(What is needed):
The response should repeat word for word every line below from the one with "Ný tengibygging Laugardalshallar" to the one with "Figura 8 – Implementação", inclusive, and nothing else; leave pictures out.

(Provided data):

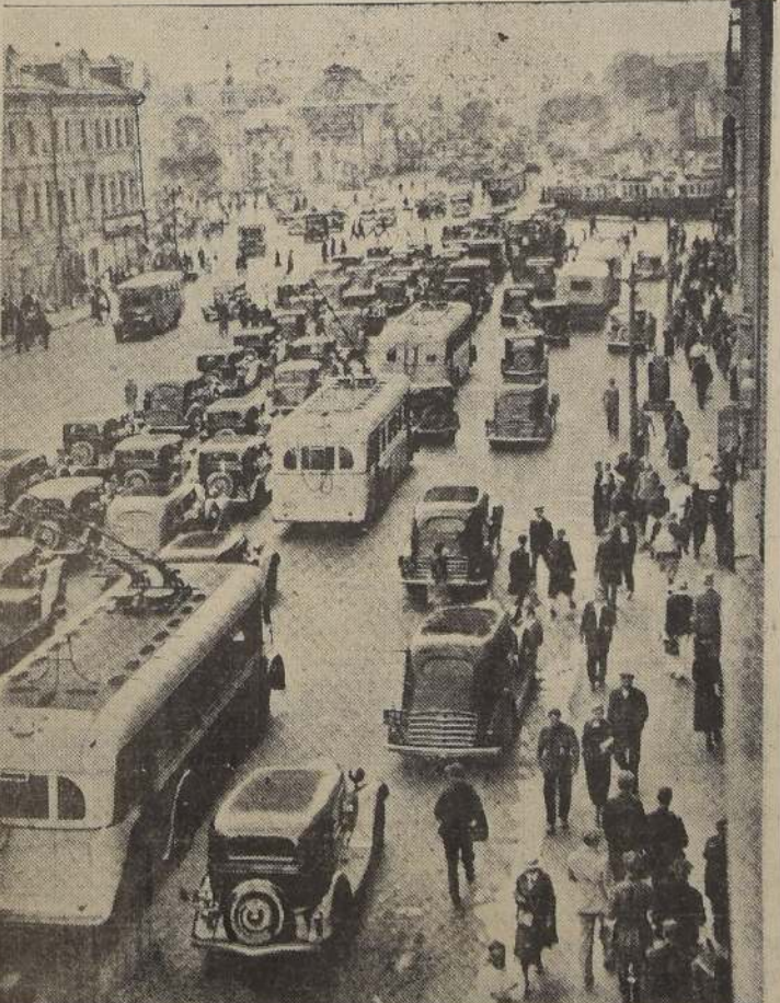
Vista de la Avenida Gorky en Moscú, capital de Rusia, en cuya dirección los alemanes concentran ahora sus esfuerzos.

mano, a varios kilómetros al oeste de Odessa, infligiendo al enemigo una gran derrota. Una partida soviética de desembarco lanzó un ataque que tomó a los rusos por completa sorpresa. Se calcula que los rusos perdieron unos dos mil hombres, entre los que figuraban militares de alta graduación. Las fuerzas navales rusas se retiraron sin ser molestadas, después de haber debilitado al enemigo en la posición de los rusos en el frente de Odessa. LAS ACCIONES EN LENIN. GRADO La Agencia Tass publica un despacho en el que se dice que una de diversas acciones libradas en el frente de Leningrado, es
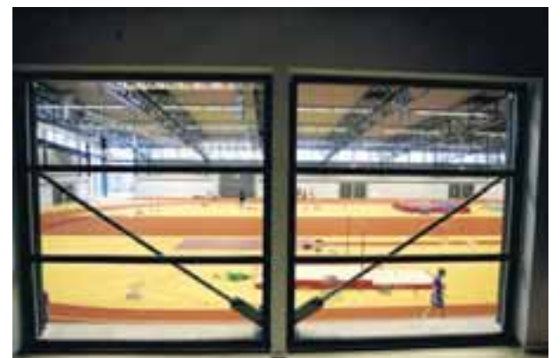
Ný tengibygging Laugardalshallar er 9.500 fermetrar. Auk frjáls-íþróttaiðkunar er hún nýtt sem veislusalur og tónleikavettvangur, þó hún henti illa til slíks.
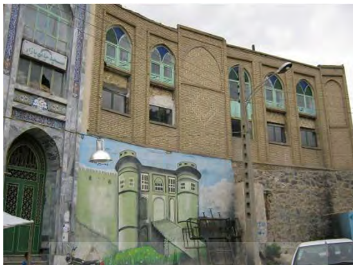
نمای مسجد جامع به میدان قیصریه
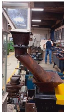
Figura 8 – Implementação de uma bica no sistema.

Por fim, a bica também contribuiu para a padronização do sistema e para a facilidade de manutenção. Por ser uma peça simples, de baixo custo e fácil fabricação, sua inclusão demonstrou que soluções práticas podem gerar grandes impactos na eficiência geral do conjunto. Sua aplicação no projeto evidenciou a importância de uma engenharia voltada à funcionalidade e à melhoria contínua, tornando o processo de transporte de grãos mais eficiente, limpo e tecnicamente aprimorado.
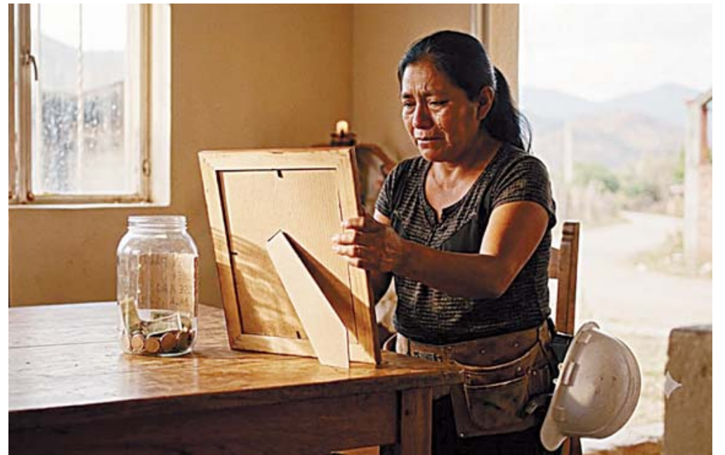
■ En Oaxaca el tiempo corre en contra de una familia que debe procesar el duelo en medio de una colecta forzada contra el reloj.
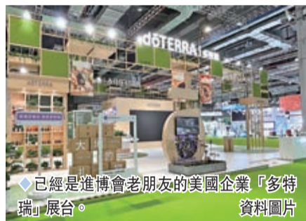
已經是進博會老朋友的美國企業「多特瑞」展台。
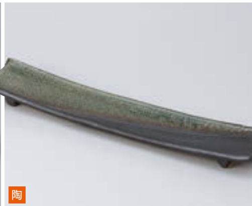
111-301-252 4,100円 強化ラスタ-舟形9寸前菜皿(27×5×3.6) 511010225
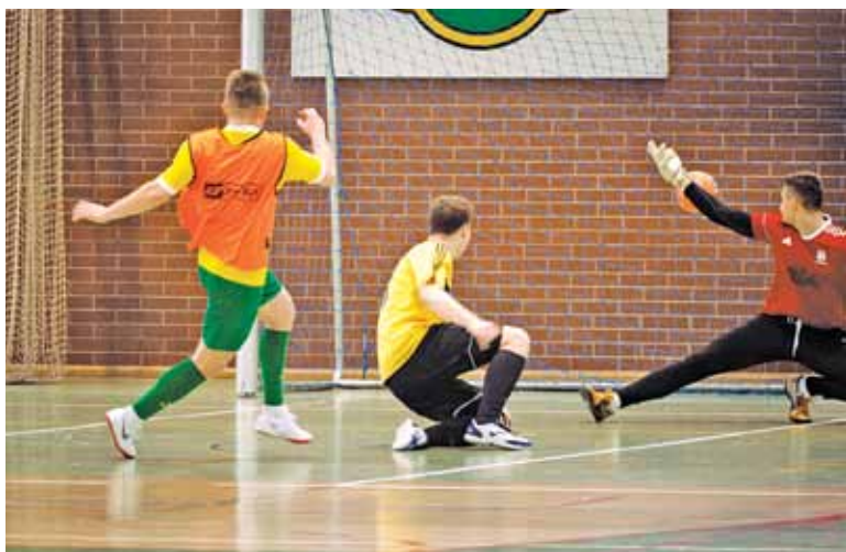
Bramka dla Perły Złotokłós
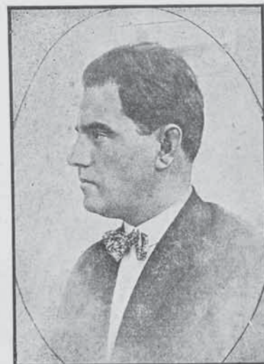
Панчо Тошевъ подпредседателъ
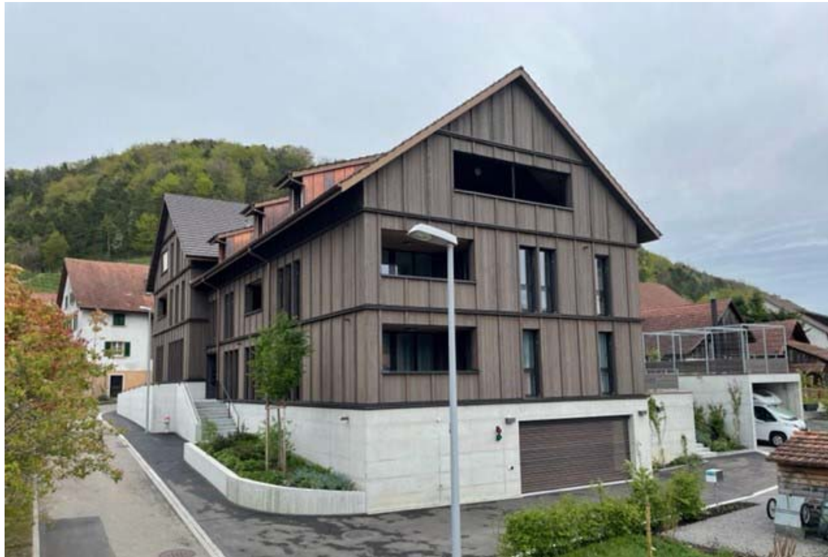
10 Alterswohnungen und Räumlichkeiten für die Gemeindeverwaltung
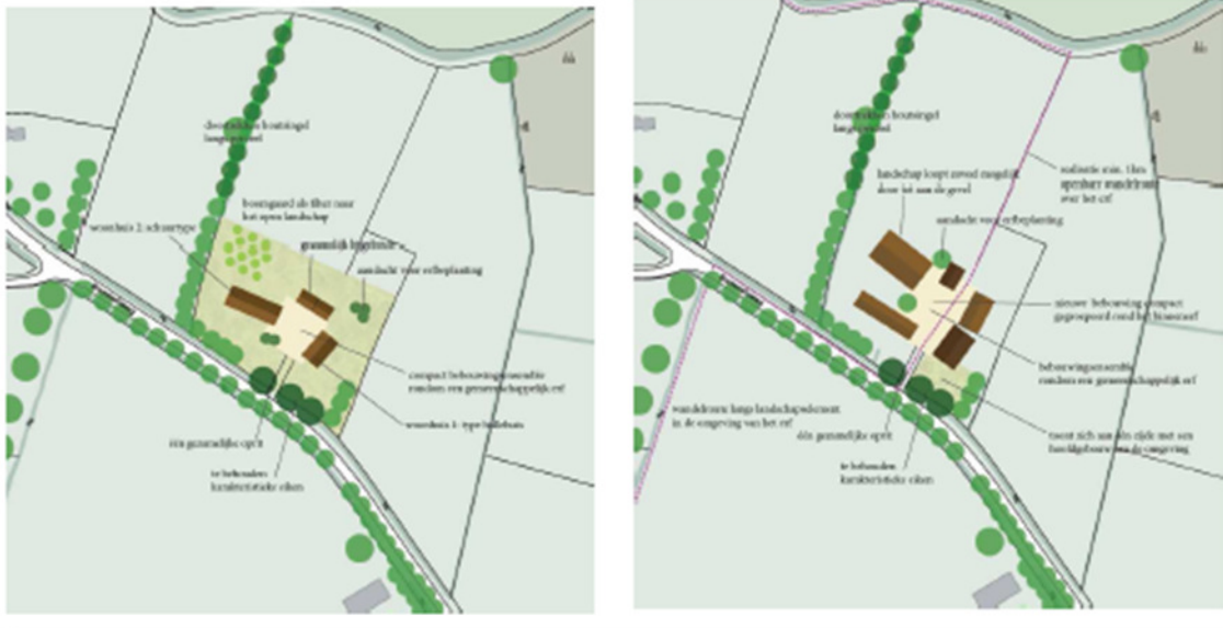
Twee scenario's voor herontwikkeling van het erf.
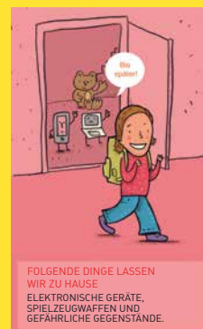
FOLGENDE DINGE LASSEN WIR ZU HAUSE ELEKTRONISCHE GERÄTE, SPIELZEUGWAFFEN UND GEFÄHRLICHE GEGENSTÄNDE.
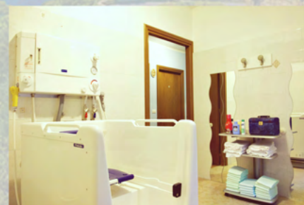
Il bagno assistito
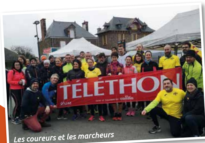
Les coureurs et les marcheurs
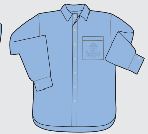
Camisa manga larga Verano e invierno

(Answer box):
Ný tengibygging Laugardalshallar er 9.500 fermetrar. Auk frjáls-íþróttaiðkunar er hún nýtt sem veislusalur og tónleikavettvangur, þó hún henti illa til slíks.
نمای مسجد جامع به میدان قیصریه
Figura 8 – Implementação de uma bica no sistema.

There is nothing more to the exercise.